From Draft NOtices, October-December 2017
How a cult of American militarism continues to mobilize our society toward warmongering and imperialism.
— Pete Doktor
Graphic: "One-armed Bandit" by Mr. Fish
As a so-called Generation X veteran, I have come to understand the iconic and reactionary slogan “Remember Pearl Harbor!” not as simply a generic, nostalgic saying, as much as an American jingle that preaches a general predisposition for self-victimhood, universal distrust, vengefulness and the ceaseless posture of a war hawk in need of routine feeding.
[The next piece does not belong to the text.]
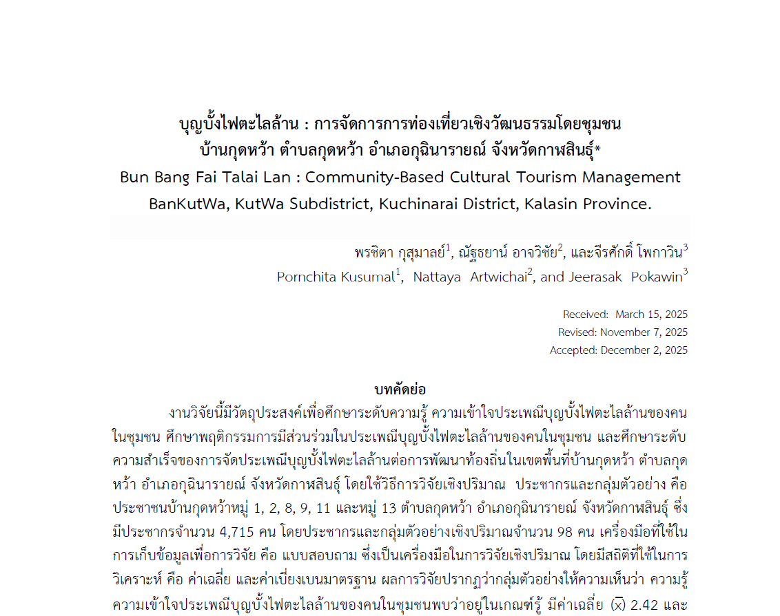 Bun Bang Fai Talai Lan : Community-Based Cultural Tourism Management BanKutWa, KutWa Subdistrict, Kuchinarai District, Kalasin Province

December 7, the date that Imperial Japan targeted threatening U.S. military bases in the colony of Hawaiʻi in 1941, has been immortalized by many Americans as a singular reason to perpetrate ceaseless militarism.
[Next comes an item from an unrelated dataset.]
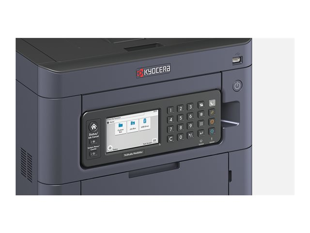 Produktbeskrivning Kyocera TASKalfa PA4500ci - skrivare - färg - laser Typ av skrivare Arbetsgruppsskrivare - laser - färg Vikt 34 kg Bläckpalett (färger) 4-färgs Mediestorleksklass A4/Legal Max. mediestorlek Legal (216 x 356 mm), A4 (210 x 297 mm) Min. mediestorlek (standard) 70 mm x 140 mm Maximal mediestorlek (anpassad) 216 mm x 1220 mm Maxupplösning (svart/vit) 1200 x 1200 dpi Maxupplösning (färg) 1200 x 1200 dpi Automatisk duplex Ja Gränssnitt USB 2.0, Gigabit LAN, USB-värd Processor ARM Cortex-A9 1.2 GHz Installerat flash-minne (max) 1 GB Språksimulering PRESCRIBE, PCL 6, PCL 5C, PCL XL, KPDL3, PostScript 3, PDF, XPS, TIFF, JPEG, URF, PWG, PCLm Streckkoder PDF417 Mediatyp Vanligt papper, kuvert, bond paper, returpapper, OH-film, brevpapper, färgat papper, etikettpapper, hålslaget, tjockt papper Total mediekapacitet 650 ark Mediehantering Flerfunktionsfack för 100 ark, papperskasset för 550 ark Nätverk Printserver Skrivarfunktioner PDF-direktutskrifter, internetutskrifter, e-postutskrifter, WSD-utskrifter, säkra utskrifter IPP över TLS, säker start, integritetskontroll vid körning, stöd för Microsoft Universal Print Strömtillförsel AC 220-240 V Systemkrav Microsoft Windows, Apple MacOS X 10.9 eller senare, Google Chrome OS, Linux Tillverkarens garanti 3 års garanti Dimensioner (BxDxH) 39.4 cm x 53.15 cm x 45.5 cm -

To be clear, “militarism” does not refer to a reasonable right to self-defense of one’s borders against actual hostile invasions. Rather, militarism is the exploitation of war for purposes other than self-defense. The U.S. has a rich history of warring for economic, political and cultural agendas — and has often justified warmongering with political proverbs like the one we’re encouraged to recite each anniversary of the “Day of Infamy.” This slogan, and others like it, will be used to reinforce historical amnesia and modern myths on the occasion of the anniversary of the attack this year.
As the November 30, 1941, Hilo Herald Tribune headline “Japan May Strike Over Weekend” reminds us, the so-called “surprise” attack of what is now commonly known as “Pearl Harbor” near Honolulu was not without some warning or provocation. This is not to say that the murderous, strategic attack by the Imperial Japanese fleet could ever be considered justified. But declassified documents confirm what has been understood for some time: the intention of Imperial Japan to retaliate against overseas U.S. expansion of military forces in the Pacific was known to the FDR administration before the attack occurred. While the exact date, time and location may not have been known, decrypted communications exposed internal Japanese reactions in response to an economic war and oil embargo pushed by the Roosevelt administration against the competing Asian industrial power.
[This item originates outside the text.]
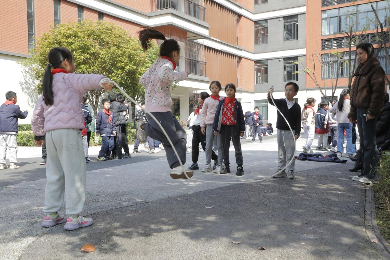 在华师中旭,每个学生都有这样一张全天候的运动菜单:8点开始晨跑,上午10点韵律操大课间,课间以及午后游戏活动,15点传统游戏大课间、16点开始体育选修......加上每日体育课,户外运动远超2小时。

Lest we forget that fascist Japan may have previously been an ally of the U.S. — sharing in the spoils of WWI — but when the formidable Japanese Empire began to compete with Western empires scrambling for resources and overseas markets, which included the overthrow of aboriginal peoples and sovereign nations, as was the case with the Hawaiian Kingdom, the “Allies of Imperialism” suddenly condemned Imperial Japan’s participation in the very same carving-up of the Asia-Pacific hemisphere that Western powers had already been engaged in themselves for more than a century.